Tanzania: banks should offer reasonable loan interest for agricultural development


The World Bank recently estimated that the value of food and agricultural markets in Africa could reach US $ 1 trillion per year by 2030.

But, according to current trends, food import spending on the continent will triple by 2022, which begs the question: will African farmers tap into this huge market or will the continent simply continue to grow. be a net food import region?

To take advantage of rapidly growing regional agricultural markets, African countries must invest in the modernization of their agricultural sectors, as Akinwumi Adesina, President of the African Development Bank pointed out in 2016, while recognizing that the involvement of central banks are crucial in this area. to treat.

Bringing this concept home, Tanzania, blessed with vast fertile arable land and climate, not to mention the peace enjoyed by the nationals, needs to harness the opportunity and focus more on crops.
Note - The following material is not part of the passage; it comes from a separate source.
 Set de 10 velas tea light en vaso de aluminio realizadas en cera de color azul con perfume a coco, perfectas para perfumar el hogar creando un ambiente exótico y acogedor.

Now is the time for our farmers to especially grow food crops to feed the countries which still observe lockdown policies due to the pandemic disease. Tanzanians should thank the government for believing that “preached containment” might not only be the solution to fighting the disease, but instead would cause more suffering than the disease itself to citizens.
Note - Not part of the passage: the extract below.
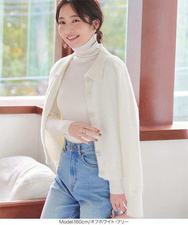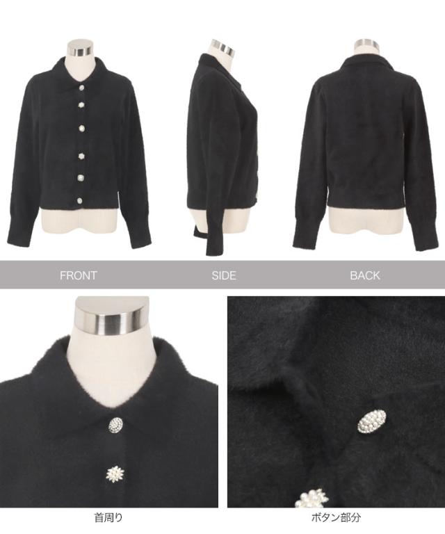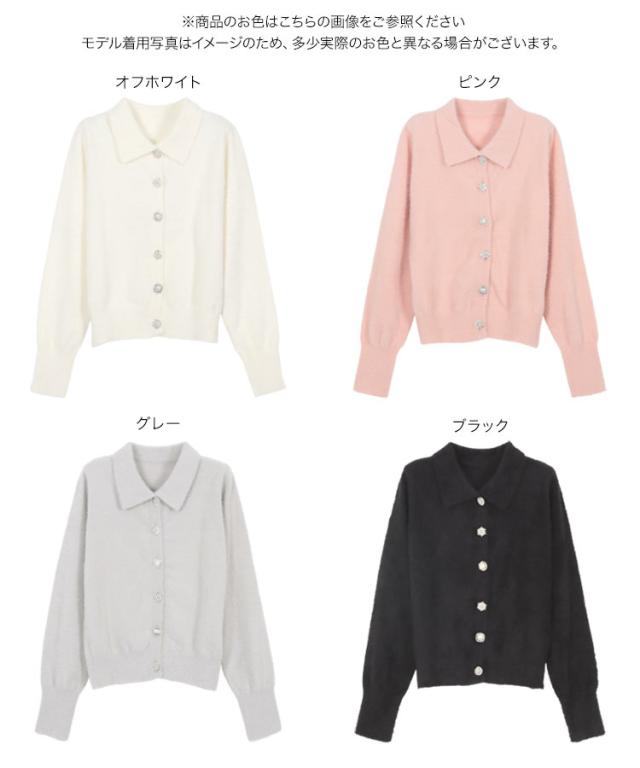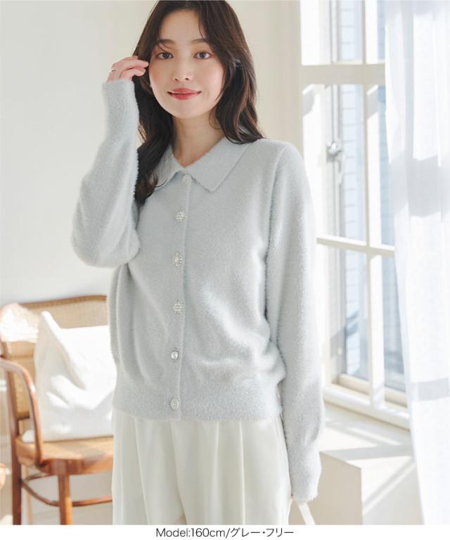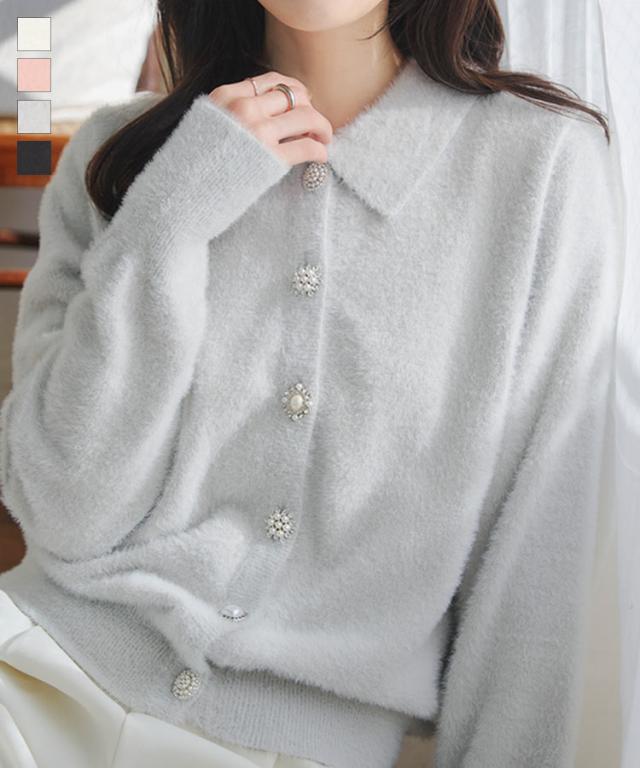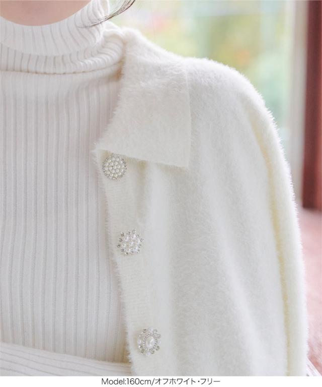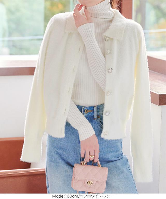 襟付きビジューボタンシャギーニットカーディガン N1108 入荷済 レディース 20代 30代 40代 アウター トップス 長袖 ニット セーター シャギー ファー フェザー カーディガン ニットジャケット ポロ ポロニット ビジュー 羽織り 白 オフ

This leaves our farmers the opportunity to grow many food crops, as previously proposed at the 4th AFRACA (African Rural and Agricultural Credit Association) Central Bank Forum, October 13-14, 2016 in Ghana, where around 150 African central bankers and agricultural sector stakeholders have come together to agree on a radical new direction for banks to be involved in agricultural finance.
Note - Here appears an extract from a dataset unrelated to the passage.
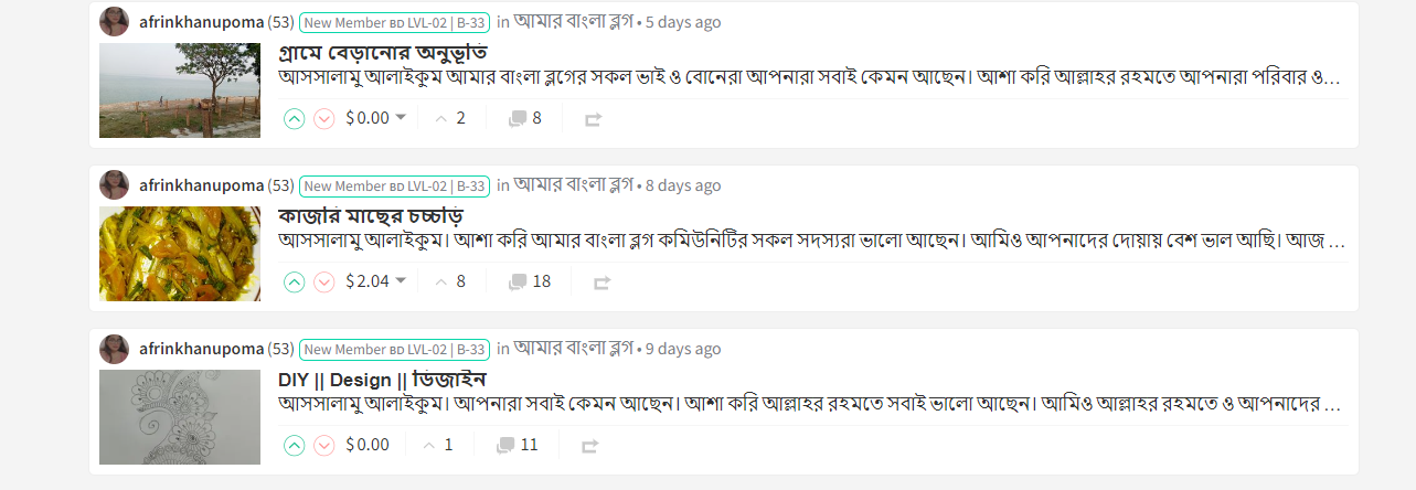 আমার বাংলা ব্লগ" আজকের ফিচারড আর্টিকেল রাইটার - @afrinkhanupoma কে দেখে খুব ভালো লাগলো। ভালো কিছুর কদর আমার বাংলা ব্লগ সব সময় মূল্যায়ন করে আর সেটার একটি প্রমাণ হল আমার বাংলা ব্লগের এই উদ্যোগটি।

To bring the observation home, as previously proposed by the Deputy Minister of Agriculture, Hussein Bashe, it is the financial institutions as actors to support farmers, because only farmers can not do it.

This is because cash flow and savings in rural areas for the majority of households are low and many rural households generally tend to depend on credit for other consumption needs such as education. , food, housing, household functions, which leaves them a small margin to invest. on their farms or fall into the debt traps of traditional pawn shops.

Once they are fully supported by financial institutions, including loans with reasonable interest, training and education on how to use / spend the loans in their operations, their savings would generally be boosted and also increase the gross domestic product (GDP) of the country.

Because hunger cannot wait, now is the time for our farmers to start preparing for the looming long rains so that our country has enough surplus food to sell.